LangChain provides API functions to interact with FAISS.So create an OPENAI API KEY here https://platform.openai.com/api-keys
and paste it below

from langchain_community.vectorstores import FAISS
from langchain_openai.embeddings import OpenAIEmbeddings
import os
os.environ["OPENAI_API_KEY"] = "input Your api key here"

embeddings = OpenAIEmbeddings()
db = FAISS.from_documents(texts, embeddings)

RETRIEVER TOOL:
we use LangChain to create a retriever for our vector database
The main things we need to pass in are a name for the retriever as well as a description

retriever = db.as_retriever()
from langchain.agents.agent_toolkits import create_retriever_tool
tool = create_retriever_tool(
    retriever,
    "search_state_of_union",
    "Searches and returns documents regarding the state-of-the-union."
)
tools = [tool]

GENERATOR:
We wrap an LLM (here OpenAI) with a conversational interface that can process augmented requests

from langchain.agents.agent_toolkits import create_conversational_retrieval_agent
# LangChain provides an API to interact with chat models
from langchain_openai.chat_models import ChatOpenAI
llm = ChatOpenAI(temperature = 0)
agent_executor = create_conversational_retrieval_agent(llm, tools, verbose=True)

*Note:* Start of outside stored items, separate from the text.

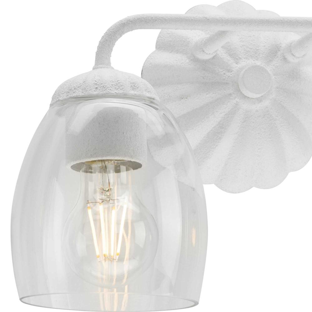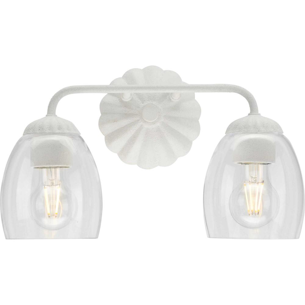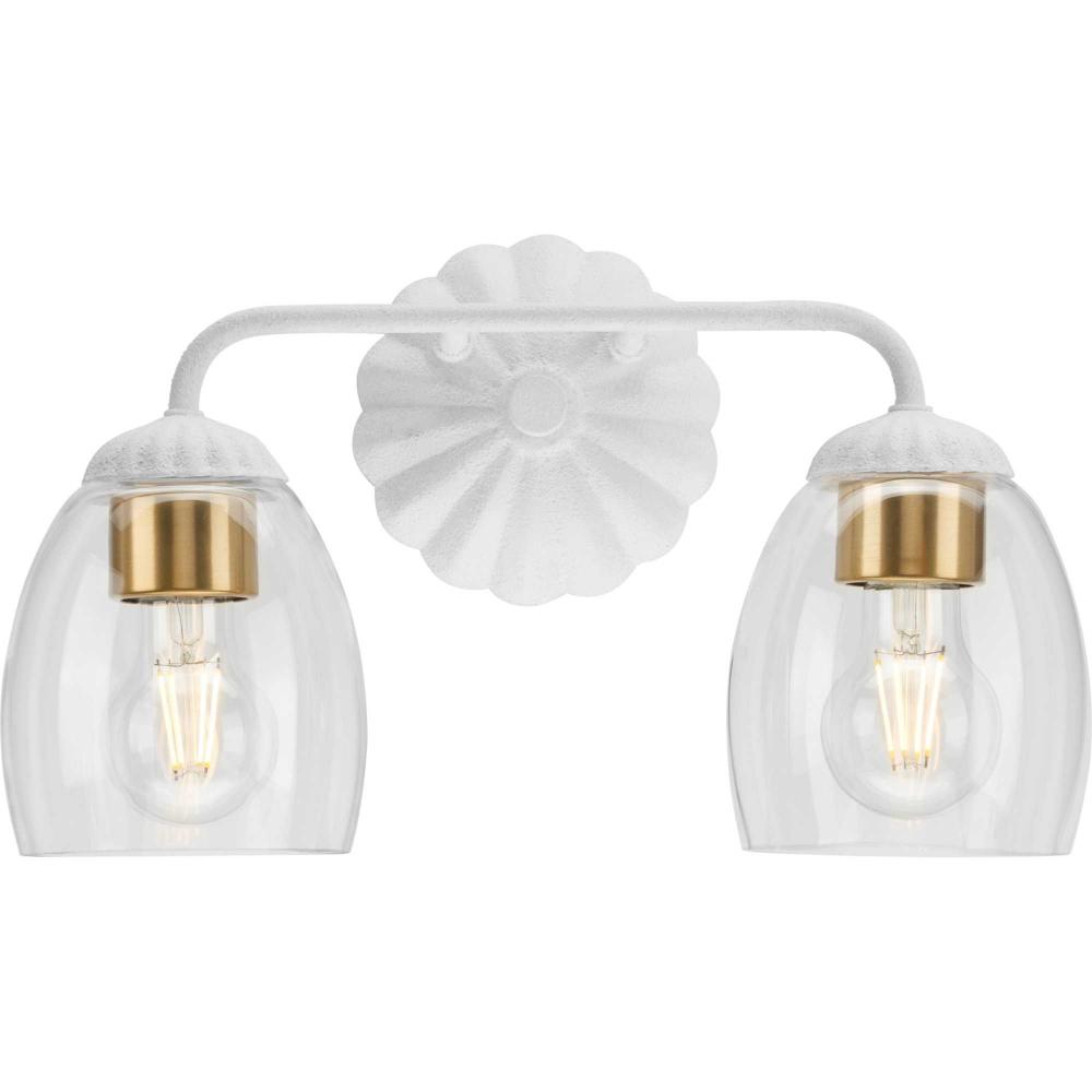The Quillan Two-Light Vanity Light offers a graceful flourish to add distinctive designer touch. Scalloped elements create a richness of detail to complement the clarity of clear, elliptical glass shades. Each fixture includes both matching and contrasting accent rings. This versatile light can be mounted up or down to provide clear illumination to the room.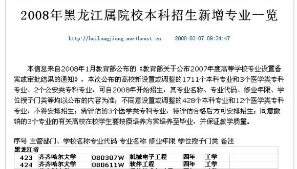 根据2008年1月教育部公布的《教育部关于公布2007年度高等学校专业设置备案或审批结果的通知》,本次公布的高校新设置或调整的1711个本科专业自2008年开始招生。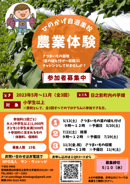 ひのかげ自遊楽校は主体性や、生きる力を育む子どもの居場所。をベースとしたコミュニティづくりをスタートしました。その一貫として農業体験(芋づくり)を年3回開催します。

Next up .. we can use our LLM integrated with RAG

input = "what is NATO?"
result = agent_executor.invoke({"input": input})

input = "When was it created?"
result = agent_executor.invoke({"input": input})

Now lets ask about the most recent happenings and see how our chatbot gives the relevant answer using RAG

input="what did the president say about inflation in the most recent state of the union?"
result = agent_executor.invoke({"input": input})
result["output"]

CONCLUSION:
Utilizing a framework like LangChain significantly streamlines the initial stages of delving into Large Language Model (LLM) applications. Especially for beginners looking to experiment with basic examples, LangChain is highly recommended. It facilitates a direct dive into retrieval-augmented generation tasks, allowing users to focus on core functionalities such as document ingestion and interactions between the vector database and the LLM, rather than becoming entangled in technical complexities.

However, as you progress towards handling larger datasets and deploying applications in production, a more comprehensive exploration of local LLMs, vector databases, and embeddings becomes essential. This deeper understanding is crucial for optimizing performance and navigating the intricacies associated with managing extensive datasets and real-world deployment scenarios.